[Supplied material Boundary: Start]

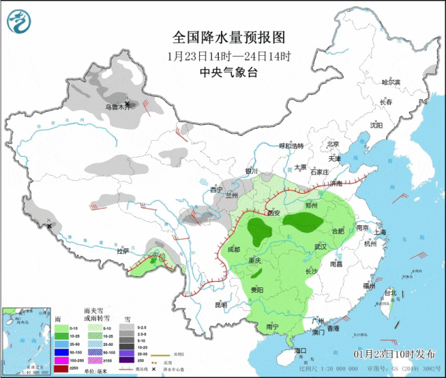 △ 1月23日14时—28日08时全国降水量预报。(来源:中央气象台)鉴于此次寒潮的强烈影响,中国气象局于23日8时30分启动了气象灾害(寒潮、暴雪)三级应急响应。
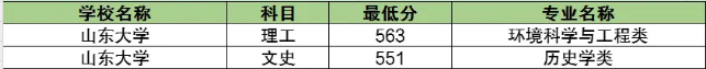 学校高校专项计划文科最低分数线是551分,对应的招生专业是历史学类;理科最低分数线是563分,对应的招生专业环境科学与工程类。
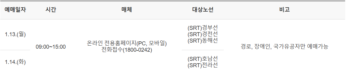 2025년 설 명절 SRT 승차권 예매 일정이 확정되었습니다.
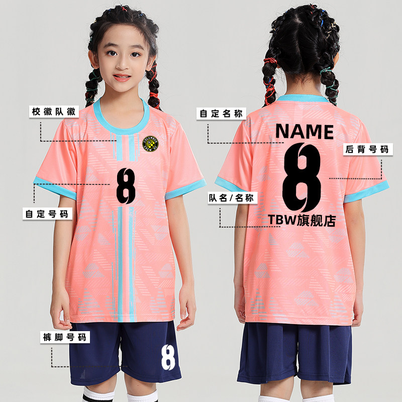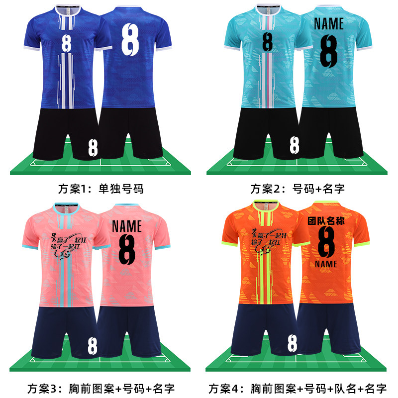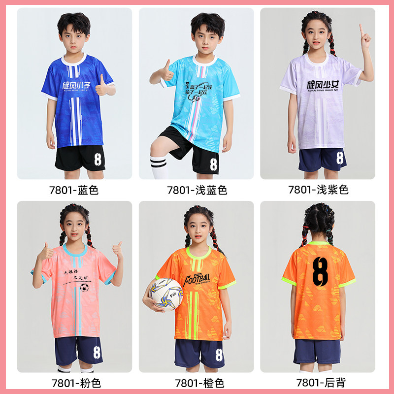 个性蓝色足球服儿童足球衣中学生比赛足球训练套装小孩运动套装
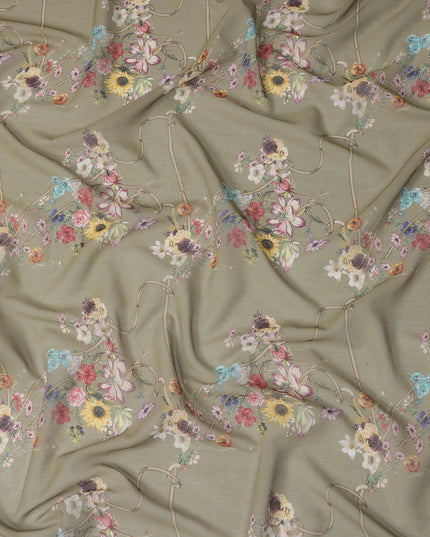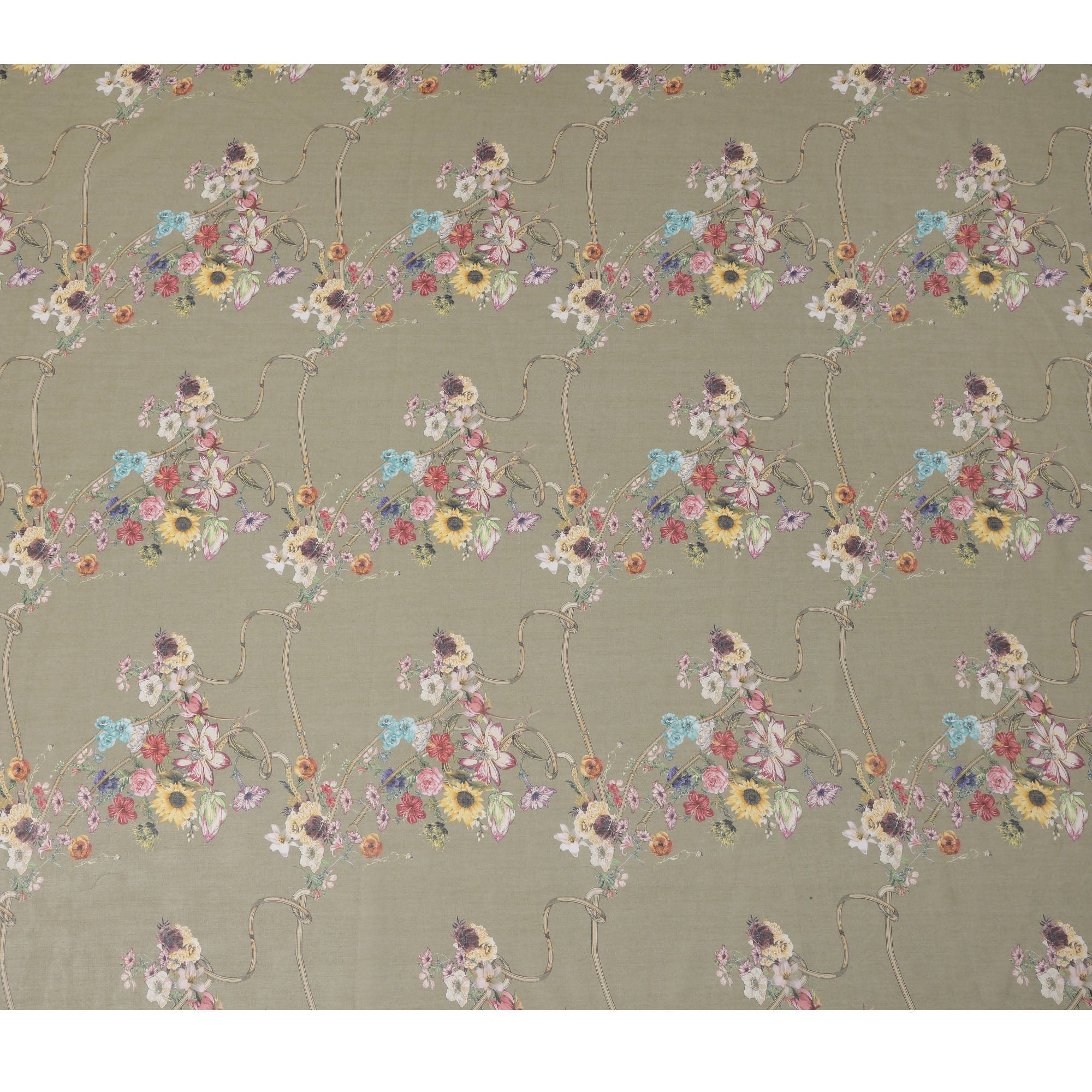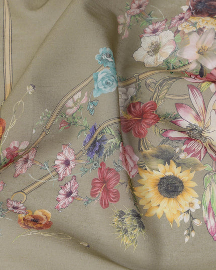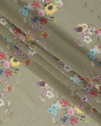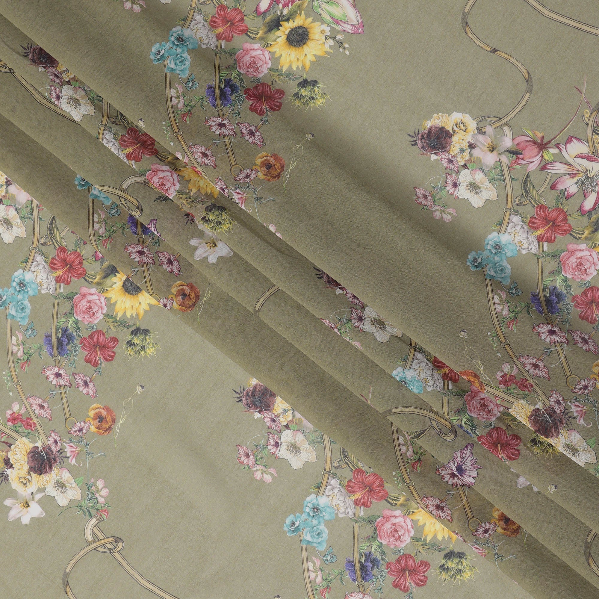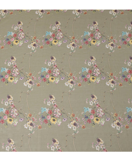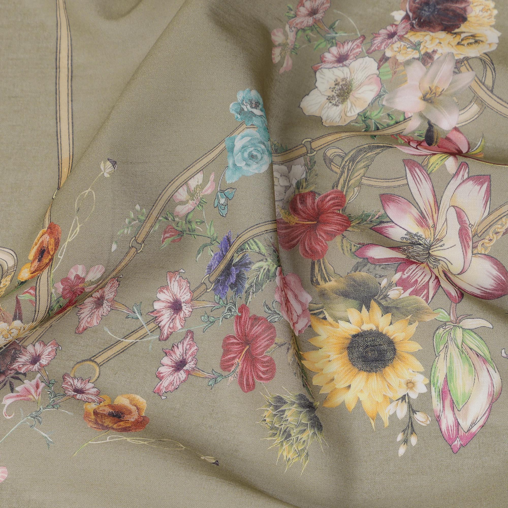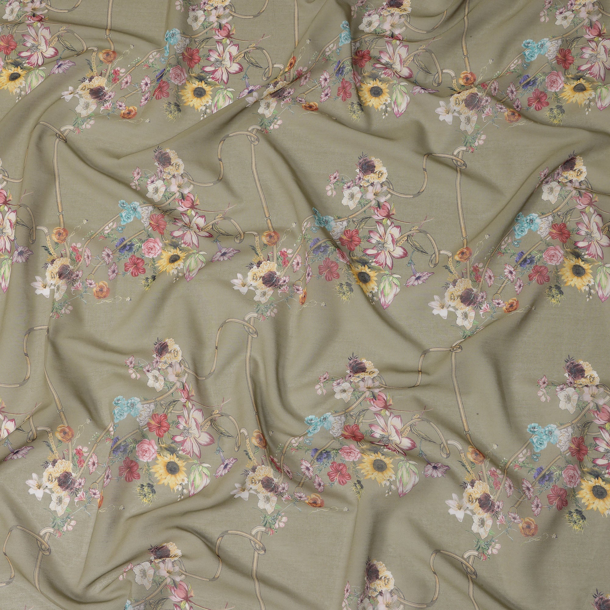 قماش قطني فوال بطبعة زهور متعددة الألوان باللون الأخضر الزيتوني، العرض: 140 سم، الهند - D23057
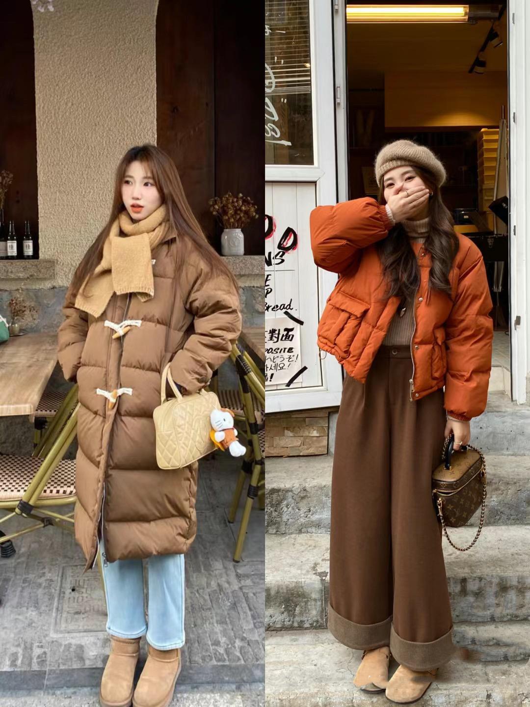 美拉德風格盛行的當下,棕色、焦糖色、駝色,都是非常受歡迎的顏色。棕色羽絨服、南瓜色羽絨服、棕色闊腿褲、駝色雪地靴,都更加應景。
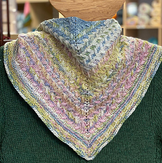 Lots of easy cable texture covers this cowl that is slightly tapered, and bordered with broken ribbing. It’s worked flat from the top down using charts or written instructions, then seamed in the back. Instructions for working the cables with no cable needle are included.
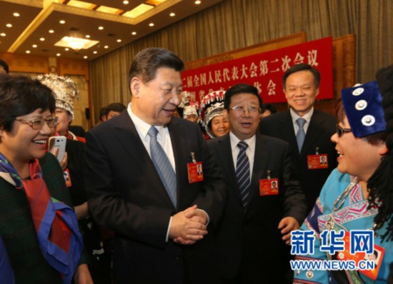 3月7日,中共中央总书记、国家主席、中央军委主席习近平参加十二届全国人大二次会议贵州代表团的审议。这是习近平来到女代表中间,同她们亲切交流,并表示,明天就是国际劳动妇女节,借此机会,代表党中央、国务院,向女代表、女委员及全国各界妇女同胞,致以节日的问候。新华社记者刘卫兵摄
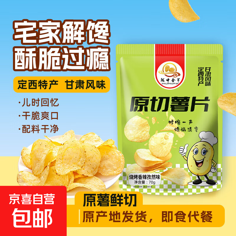 甘肃定西土豆马铃薯鲜切薯片 洋芋原切休闲零食麻辣香辣原味番茄 70g*6袋-烧烤香辣孜然味
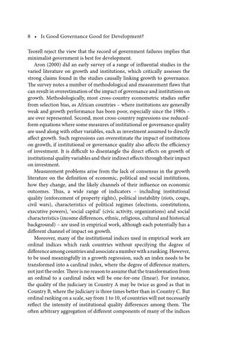 8 • Is Good Governance Good for Development? Teorell reject the view that the record of government failures implies that minimalist government is best for development. Aron (2000) did an early survey of a range of influential studies in the varied literature on growth and institutions, which critically assesses the strong claims found in the studies causally linking growth to governance. The survey notes a number of methodological and measurement flaws that can result in overestimation of the impact of governance and institutions on growth. Methodologically, most cross-country econometric studies suffer from selection bias, as African countries – where institutions are generally weak and growth performance has been poor, especially since the 1980s – are over represented. Second, most cross-country regressions use reducedform equations where some measures of institutional or governance quality are used along with other variables, such as investment assumed to directly affect growth. Such regressions can overestimate the impact of institutions on growth, if institutional or governance quality also affects the efficiency of investment. It is difficult to disentangle the direct effects on growth of institutional quality variables and their indirect effects through their impact on investment. Measurement problems arise from the lack of consensus in the growth literature on the definition of economic, political and social institutions, how they change, and the likely channels of their influence on economic outcomes. Thus, a wide range of indicators – including institutional quality (enforcement of property rights), political instability (riots, coups, civil wars), characteristics of political regimes (elections, constitutions, executive powers), ‘social capital’ (civic activity, organizations) and social characteristics (income differences, ethnic, religious, cultural and historical background) – are used in empirical work, although each potentially has a different channel of impact on growth. Moreover, many of the institutional indices used in empirical work are ordinal indices which rank countries without specifying the degree of difference among countries and associate a number with a ranking. However, to be used meaningfully in a growth regression, such an index needs to be transformed into a cardinal index, where the degree of difference matters, not just the order. There is no reason to assume that the transformation from an ordinal to a cardinal index will be one-for-one (linear). For instance, the quality of the judiciary in Country A may be twice as good as that in Country B, where the judiciary is three times better than in Country C. But ordinal ranking on a scale, say from 1 to 10, of countries will not necessarily reflect the intensity of institutional quality differences among them. The often arbitrary aggregation of different components of many of the indices
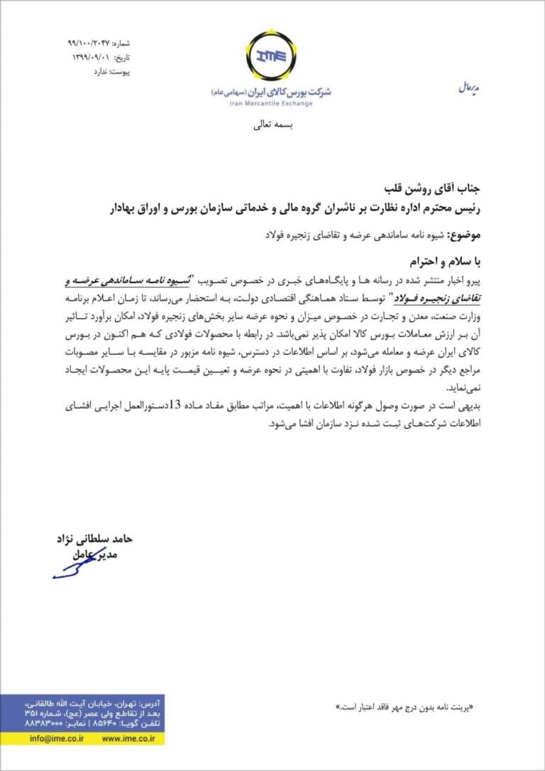 گفتنی است «شـیوهنامـه ساماندهی عرضه و تقاضای زنجیـره فـولاد» که نمایندگان مجلس، فعالان بازار سرمایه و تولیدکنندگان فولاد قبلا مخالفت خود با آن را اعلام کرده بودند، سرشار از ابهامات و تناقضات اساسی و اجرایی و البته امضاهای طلایی فراوان است. ارزان فروشی دستوری فولاد در بورس کالا که از مفاد این شیوه نامه استنباط میشود، قبلا در سال ۹۷ هم تجربه شده و بیش از ۵۰ روز دوام نداشته و پروندههای موسوم به “مابهالتفاوت” هنوز در شرکتها باز است. با وجود ابهامات پیرامون شیوهنامه ابلاغشده توسط معاون اقتصادی رئیس جمهور، بورس کالا علام کرده است که این شیوهنامه «تفاوت با اهمیتی» در عرضه و تعیین قیمت پایه محصولات فولادی ایجاد نمیکند.

[Supplied material Boundary: End]

■ Assignment: Give again, word for word, every line from the top of the data above to the line holding "قماش قطني فوال", inclusive, with the pictures left out.

■ Solved problem:
 △ 1月23日14时—28日08时全国降水量预报。(来源:中央气象台)鉴于此次寒潮的强烈影响,中国气象局于23日8时30分启动了气象灾害(寒潮、暴雪)三级应急响应。
 学校高校专项计划文科最低分数线是551分,对应的招生专业是历史学类;理科最低分数线是563分,对应的招生专业环境科学与工程类。
 2025년 설 명절 SRT 승차권 예매 일정이 확정되었습니다.
 个性蓝色足球服儿童足球衣中学生比赛足球训练套装小孩运动套装
 قماش قطني فوال بطبعة زهور متعددة الألوان باللون الأخضر الزيتوني، العرض: 140 سم، الهند - D23057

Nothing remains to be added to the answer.